This side salad dish combines two types of rice, fava beans and crunchy pistachios. I love a good textured salad, that also has enhanced flavors with parsley and dill. This is a great blend of carbohydrates, proteins, fats and fiber! A perfect combination to fuel and support a healthy body and mind. Enjoy and share!
Rice, Bean and Pistachio Salad adapted from www.epicurious.com
6 servings
ingredients
- 1/2 cup wild rice
- Himalayan sea salt
- 1 cup basmati rice
- 1 cup fresh shelled fava beans (from about 1 pound pods) or frozen, thawed
- 1/2 cup chopped fresh dill
- 1/2 cup chopped fresh flat-leaf parsley
- 1/2 cup unsalted, raw pistachios
- 1/4 cup olive oil or grapeseed oil
- 2 teaspoons finely grated lemon zest
- 1/4 cup fresh lemon juice
- 1 teaspoon finely grated lime zest
directions
1) Cook wild rice in a medium pot of boiling salted water until tender and grains start to split, 35–40 minutes. Drain; let cool.

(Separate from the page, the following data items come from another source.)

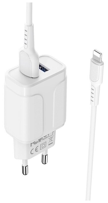 Сетевое зарядное устройство Borofone BA37A Speedy + кабель Lightning, 12 Вт, белый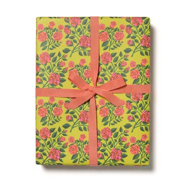 Holiday wrapping paper with a flower pattern of green vines and crimson blooms. • Gift Wrapping Sheets • Available as single sheets or rolled sets of 3 sheets • Single sheets will be collectively rolled and wrapped in paper for protection in transit. Rolled sets of 3 will be shrink wrapped. Ordering by sheet allows us to ship your wrap plastic-free and with minimal packaging. As a result, we're able to offer a lower price when selecting this option. • 19.5 x 27" • 70# uncoated matte paper • Printed in the USA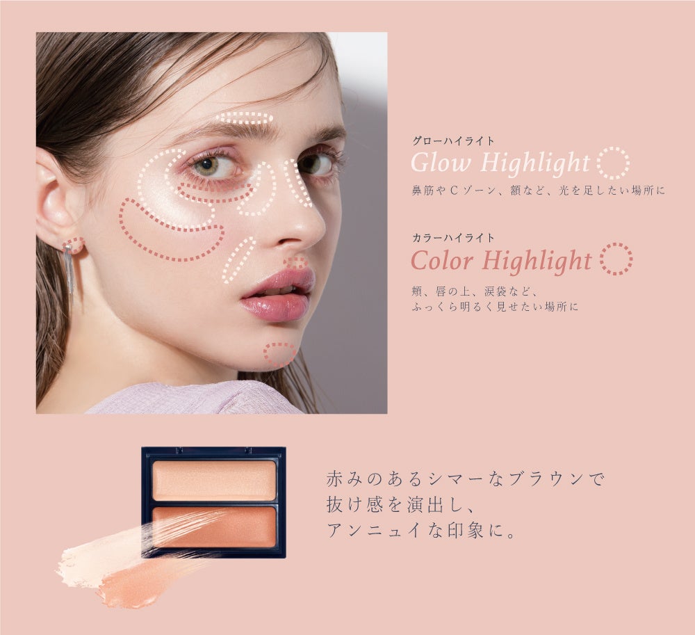 ツヤと血色感で透明感あふれる肌を演出する、2色のハイライト。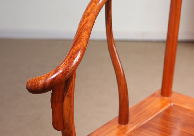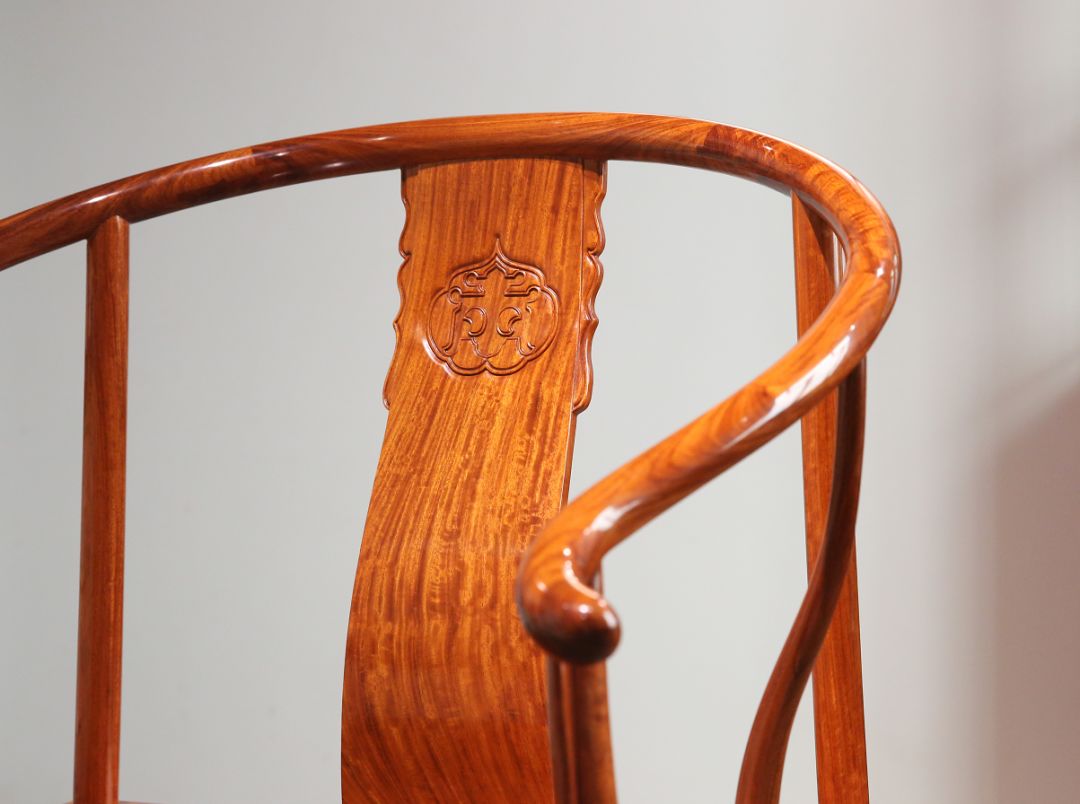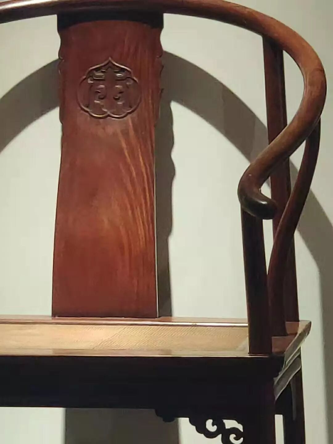 大圆弧的榫卯结构,镶接的天衣无缝,工艺精湛无比,椅圈粗细匀称,增一分太粗,减一分太细,恰到好处。

2) Meanwhile, combine basmati rice and 1 1/2 cups water in a medium saucepan, season with salt, and bring to a boil. Reduce heat, cover, and simmer 10 minutes. Remove from heat and fluff with a fork. Cover; let sit until water is absorbed, about 5 minutes. Let cool.
3) If using fresh fava beans, cook in a large saucepan of boiling salted water until tender, about 4 minutes. Drain; transfer to a bowl of ice water. Drain and peel. (If using frozen fava beans, cook 2 minutes; transfer to a bowl of ice water, then drain.)
4) Toss wild rice, basmati rice, dill, parsley, pistachios, oil, lemon zest and juice, lime powder, and fava beans in a large bowl; season with salt.
**Do ahead: Fava beans can be cooked and peeled 2 days ahead; cover and chill. Wild and basmati rice can be cooked 2 days ahead; cover and chill.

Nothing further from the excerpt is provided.